**THE DATA:**
——————————
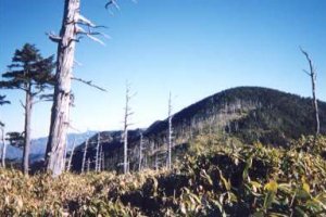 中ノ尾根山への平らな稜線は、笹の草原と立ち枯れとコメツガの森のかもし出す雰囲気が黒法師の付近にそっくりで、またあの深南部に来たんだと実感。中ノ尾根山頂は樹木に覆われ展望無く、これも黒法師と同じ。山頂から鞍部への下りは、鹿道が交錯してわかりにくく、いよいよ深南部本来の踏跡になる。こういう所はテープ目印が頼りになる。次のヨモギ沢の頭へは岩場の右手を巻き気味に登っていく。目指す池口岳の南峰は平らで樹木に覆われ、北峰はガレて迫力があって対照的だ。
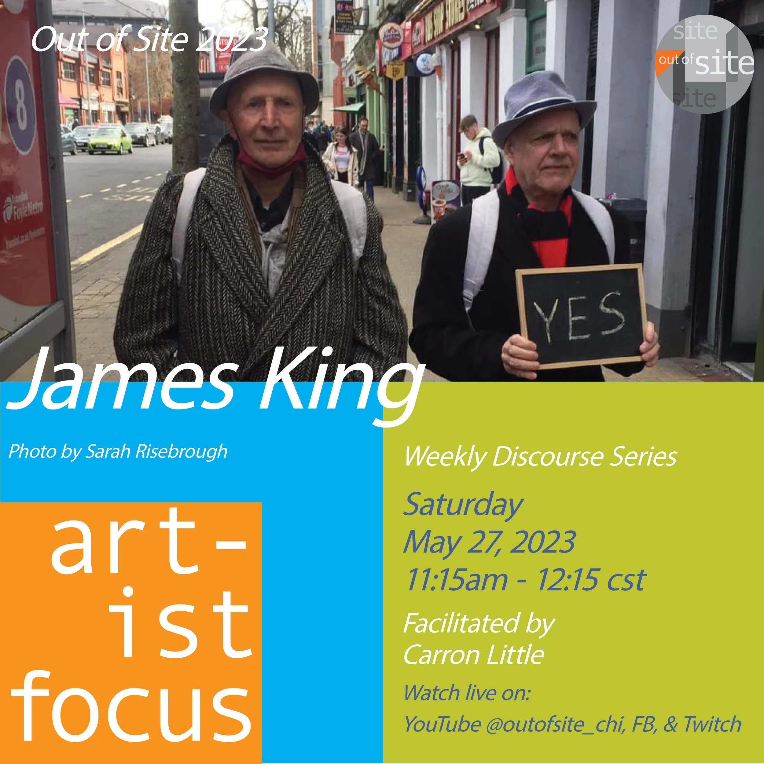 Facilitated by Carron LittlePhoto by Sarah RisebroughOn Saturday May 27 @11:15am ct | 18:15 ect Carron Little was in conversation with James King about his public performance art takeovers working through the Troubles in Belfast and Derry in N.Ireland to the present time. He works collaboratively with many artists in public space and has had a long-term collaboration with Eamonn O’Donnell creating public interventions over three decades. James King was a workshop facilitator at Flow 2021 where we learnt to fuse poetics, vocality with public performance actions. The humor evoked in his work through poetry and performance art is a important element in his practice. Please note we decided to create a Part 2 that was recorded on May 31, 2023 and can be listened to here: Artist Focus with James King Part 2
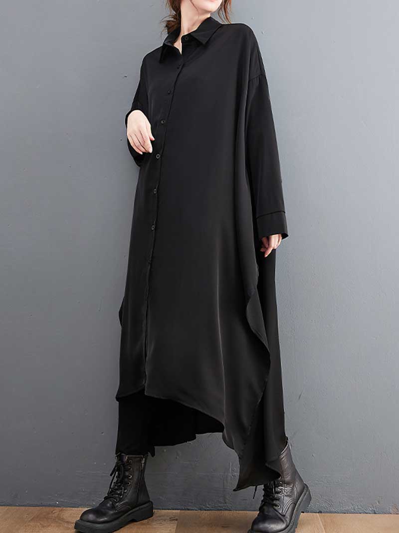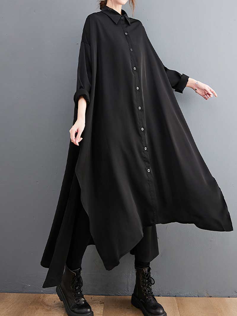 Looking for a dress that's both comfortable and stylish? Check out our Cotton Long Sleeves Shirt Style A-Line Dress! Made from soft. breathable cotton. this dress is perfect for warm summer days. The loose-fit waist and A-line silhouette flatters all body types. while the long sleeves provide added coverage. Choose from a variety of colors. including classic black.
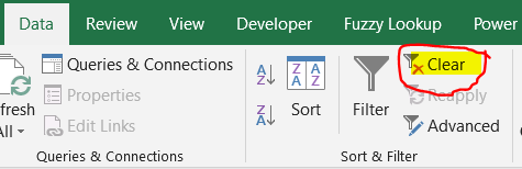 To un-filter, simply click on “Clear” in the “Data” Ribbon:
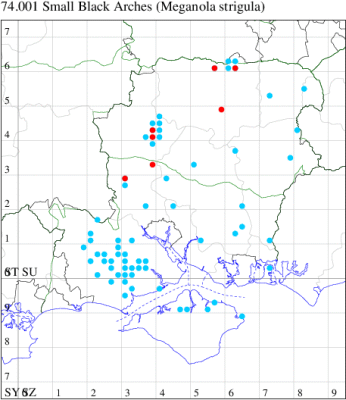 Nationally scarce (Na) in oak woodland in southern England. In Hampshire and on the Isle of Wight moderately common in the large oak woods - Parkhurst Forest, the New Forest, Harewood and Pamber Forests; very occasional elsewhere. Wingspan 18-24 mm. Similar to Least Black Arches N. confusalis, but Small Black Arches lacks the prominent dentations on the median fascia of forewing (MBGBI Vol 9). Larva feeds on Pedunculate Oak.
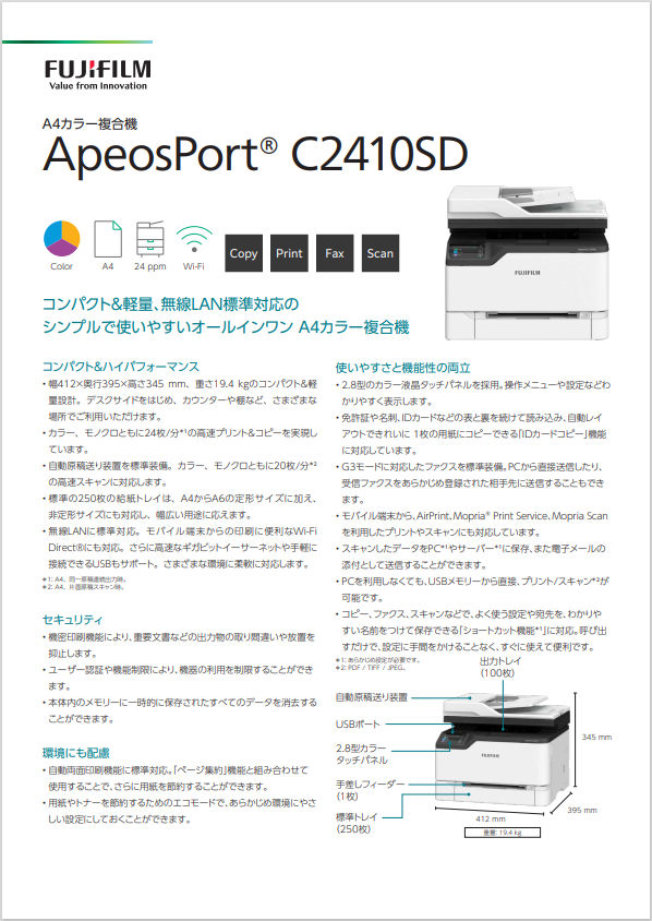 コンパクトかつ軽量で、表現力あるカラー画質も実現。オフィスから窓口業務、店舗のバックヤードなど、さまざまなプリントニーズに対応するA4カラー複合機です。
——————————
**EXERCISE DESCRIPTION:**
An exact copy of the material above is required, minus its images.

**TASK RESPONSE:**
 中ノ尾根山への平らな稜線は、笹の草原と立ち枯れとコメツガの森のかもし出す雰囲気が黒法師の付近にそっくりで、またあの深南部に来たんだと実感。中ノ尾根山頂は樹木に覆われ展望無く、これも黒法師と同じ。山頂から鞍部への下りは、鹿道が交錯してわかりにくく、いよいよ深南部本来の踏跡になる。こういう所はテープ目印が頼りになる。次のヨモギ沢の頭へは岩場の右手を巻き気味に登っていく。目指す池口岳の南峰は平らで樹木に覆われ、北峰はガレて迫力があって対照的だ。
 Facilitated by Carron LittlePhoto by Sarah RisebroughOn Saturday May 27 @11:15am ct | 18:15 ect Carron Little was in conversation with James King about his public performance art takeovers working through the Troubles in Belfast and Derry in N.Ireland to the present time. He works collaboratively with many artists in public space and has had a long-term collaboration with Eamonn O’Donnell creating public interventions over three decades. James King was a workshop facilitator at Flow 2021 where we learnt to fuse poetics, vocality with public performance actions. The humor evoked in his work through poetry and performance art is a important element in his practice. Please note we decided to create a Part 2 that was recorded on May 31, 2023 and can be listened to here: Artist Focus with James King Part 2
 Looking for a dress that's both comfortable and stylish? Check out our Cotton Long Sleeves Shirt Style A-Line Dress! Made from soft. breathable cotton. this dress is perfect for warm summer days. The loose-fit waist and A-line silhouette flatters all body types. while the long sleeves provide added coverage. Choose from a variety of colors. including classic black.
 To un-filter, simply click on “Clear” in the “Data” Ribbon:
 Nationally scarce (Na) in oak woodland in southern England. In Hampshire and on the Isle of Wight moderately common in the large oak woods - Parkhurst Forest, the New Forest, Harewood and Pamber Forests; very occasional elsewhere. Wingspan 18-24 mm. Similar to Least Black Arches N. confusalis, but Small Black Arches lacks the prominent dentations on the median fascia of forewing (MBGBI Vol 9). Larva feeds on Pedunculate Oak.
 コンパクトかつ軽量で、表現力あるカラー画質も実現。オフィスから窓口業務、店舗のバックヤードなど、さまざまなプリントニーズに対応するA4カラー複合機です。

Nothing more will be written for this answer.